═══ MATERIAL PROVIDED ═══
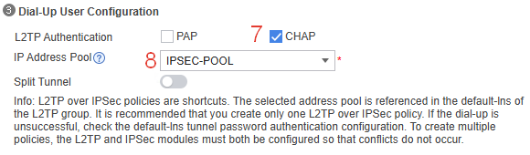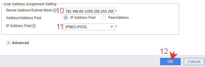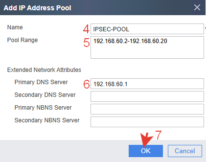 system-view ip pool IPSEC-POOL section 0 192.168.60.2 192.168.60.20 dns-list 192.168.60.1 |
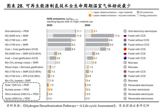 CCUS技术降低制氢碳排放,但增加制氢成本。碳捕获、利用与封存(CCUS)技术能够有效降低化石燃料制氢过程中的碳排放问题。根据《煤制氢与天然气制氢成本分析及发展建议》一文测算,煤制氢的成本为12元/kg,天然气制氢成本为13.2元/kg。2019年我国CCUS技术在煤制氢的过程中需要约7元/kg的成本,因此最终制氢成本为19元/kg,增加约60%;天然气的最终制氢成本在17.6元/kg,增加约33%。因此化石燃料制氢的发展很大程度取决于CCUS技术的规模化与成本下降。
═══
═══ MATERIAL PROVIDED ═══
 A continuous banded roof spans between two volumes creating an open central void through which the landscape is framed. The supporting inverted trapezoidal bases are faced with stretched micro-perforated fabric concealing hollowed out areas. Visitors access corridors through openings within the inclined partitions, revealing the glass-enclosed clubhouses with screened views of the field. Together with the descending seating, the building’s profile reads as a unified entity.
═══
### REQUIRED ACTION
In the listing above, find the line containing "system-view ip pool" and the line containing "CCUS技术降低制氢碳排放,但增加制氢成", then write out both of them and every line between, exactly, with no pictures.

### REPLY
 system-view ip pool IPSEC-POOL section 0 192.168.60.2 192.168.60.20 dns-list 192.168.60.1 |
 CCUS技术降低制氢碳排放,但增加制氢成本。碳捕获、利用与封存(CCUS)技术能够有效降低化石燃料制氢过程中的碳排放问题。根据《煤制氢与天然气制氢成本分析及发展建议》一文测算,煤制氢的成本为12元/kg,天然气制氢成本为13.2元/kg。2019年我国CCUS技术在煤制氢的过程中需要约7元/kg的成本,因此最终制氢成本为19元/kg,增加约60%;天然气的最终制氢成本在17.6元/kg,增加约33%。因此化石燃料制氢的发展很大程度取决于CCUS技术的规模化与成本下降。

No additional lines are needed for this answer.